And how, from speaking to experts on cryptocurrencies they do not require innate value to have ‘value’.

Well I just want to go back to this idea of “innate value” again today – as I think it’s important…

Before 1972, the US used to back their currency up via gold (the gold standard).

They (the Fed) believed that if they had an innate store of value, it would be a lot easier to keep the value of the dollar consistent.

They thought that by simply keeping this price pegged, things would be successful.

The issue here is that you need the supply of money to be manipulated easily to be able to affect the interest rate (therefore preventing inflation or deflation).

When gold is your store of value, you have to increase or decrease your gold holdings according to the situation…

The inherent issue here is that gold takes time to mine!

This means that the value of the dollar cannot be affected correctly when required.

So pegging the dollar to gold was of no real benefit.

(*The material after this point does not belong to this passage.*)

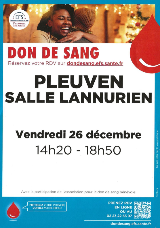 Le Vendredi 26 Décembre, l’Etablissement Français du Sang, avec la participation de l’association pour le don de sang de Fouesnant, organise une collecte de sang à PLEUVEN de 14h20 à 18h50 à La Salle Lannurien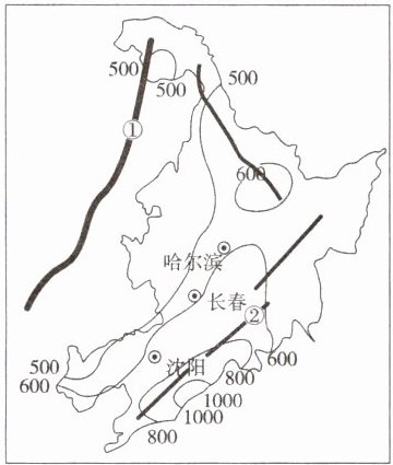 (1)根据图中年等降水量线的分布,总结本区域降水分布规律:

Now on the flip side, I don’t believe that the way ‘money’ has value now is of any real benefit…

In fact, I’d say most economic problems are down to the central banks creating money out of thin air (debt).

Whenever a treasury bond is made, that’s effectively money being made from the central bank…

Out of thin air.

And this money being made pushes down rates and we get the very rich being able to buy houses cheaply, reinvest in offshore schemes with cheap financing etc, etc.

However, it does give the Fed far more flexibility when it comes to being able to work through market downturns.